2. Acquire the Data

We have downloaded the data from https://www.backblaze.com/hard-drive-test-data.html. We are using the 2013 data dump as 2015 data dump is relatively large. The techniques we are using to acquire the data for 2013, can be applied to 2015 data dump as well.

When you download the 2013 data, you get a zipped package consisting of 266 files.

How do we read from 266 files?

As the data is spread across 266 files, it is hard for us to read data. Is there a way I can put all this data into one single place , so that my reads are easier?

There are 2 options

1. Merge all the data into one single big csv file
1. Push the data into a database

For this example let us go the database path.
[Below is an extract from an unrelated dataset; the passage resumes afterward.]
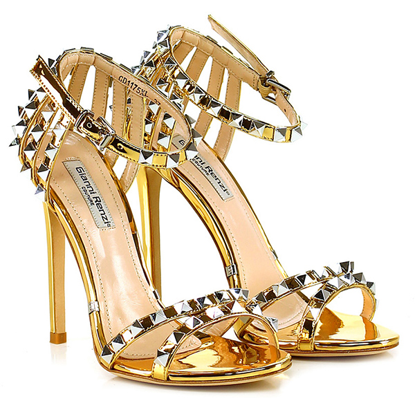 Sandalo alto in pelle laminata con cinturino alla caviglia e borchie su tomaia. Suola in cuoio, tacco 120.

For the simple reason, keeping a big csv file in memory is very expensive.

Data Formats

csv files

Database

SQLite

Creating entries in SQLite using pandas and sqlalchemy



In [ ]:

    
import pandas as pd
from sqlalchemy import create_engine
import os



In [ ]:

    
import sqlalchemy



In [ ]:

    
sql_path = os.getcwd()
sql_path = sql_path+"/hard-disk-test.db"
print sql_path



In [ ]:

    
# we have created a small db for you to use 
# you will be able to see hard-disk-test.db in repository you have cloned
# this command creates the connection to database
engine = create_engine('sqlite:///'+sql_path)



In [ ]:

    
engine



In [ ]:

    
# we are getting the directory data to read files
path = os.path.join(os.getcwd(),'data')
print path



In [ ]:

    
# we are reading csv files from the directory and laoding them into the database
no_of_files = 0
total_rows = 0
for file in os.listdir(path):
    if str(file).endswith(".csv"):
        print file
        inp_df = pd.read_csv(os.path.join(path,file))
        inp_df.to_sql("data",engine,index=False,chunksize=None,if_exists='append')
        total_rows = total_rows + inp_df.shape[0]

print 'loading data done with rows '+str(total_rows)



In [ ]:

    
pd.read_sql_table(table_name="data",con=engine)



In [ ]:



In [ ]:

    
# you can now put all the 266 csv files into the data directory and the above piece of code will push all the data
# into the database



In [ ]: